Given recent increasing shortages of agricultural workers in key U.S. growing regions, it is imperative that the Obama administration and both parties of Congress make positive steps to secure the viability of labor-intensive agriculture in the U.S.
In California and Arizona, 62% of those responding to a Western Growers survey conducted in late September indicated finding workers is a challenge.
In the Pacific Northwest, labor shortages were noted in early November, with growers reporting crews were short 15% or more of needed pickers.
As members of Congress well know, the industry has been engaged in, for more than a decade, efforts to engage lawmakers to find a solution to the lack of a legal work force. As rhetoric heats up regarding mandatory E-Verify and other enforcement measures, needed workers are becoming scarce.

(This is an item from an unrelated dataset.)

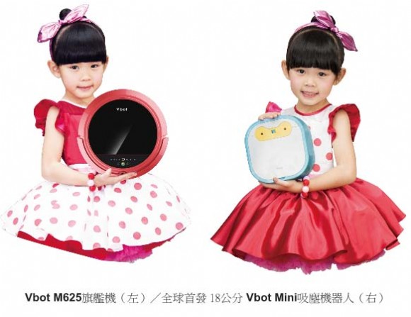 Vbot吸塵機器人在這次台北數位電器展中,邀請來雙胞胎左左右右擔任代言人,簡單方便的遙控器操作介面,六歲的左左右右都能輕鬆操作,Vbot M625訂價24,800元,電器展現場優惠價15,800元,再送迷你吸塵機器人乙台。另外18公分初階款迷你吸塵機器人Vbot Mini展場優惠售價990元。

With more and more indications growers are losing confidence in the ability of the federal government to help them solve this problem, we may see more U.S. growers walk away from fruit and vegetable production and marketing.
That is not a result of alarmist growers crying “wolf.” The wolf is at the door.
Produce growers find themselves in an increasingly unsustainable position where they continue to depend on illegal immigrant labor.
If Congress and President Obama continue to be unwilling and unable to craft a viable guest worker plan, more fruit and vegetable production will move outside the U.S.
The country can ill afford another economic hit, one that would be felt not just by growers, but also by the businesses that service them, communities that depend on the fruit and vegetable economy, and ultimately by all consumers.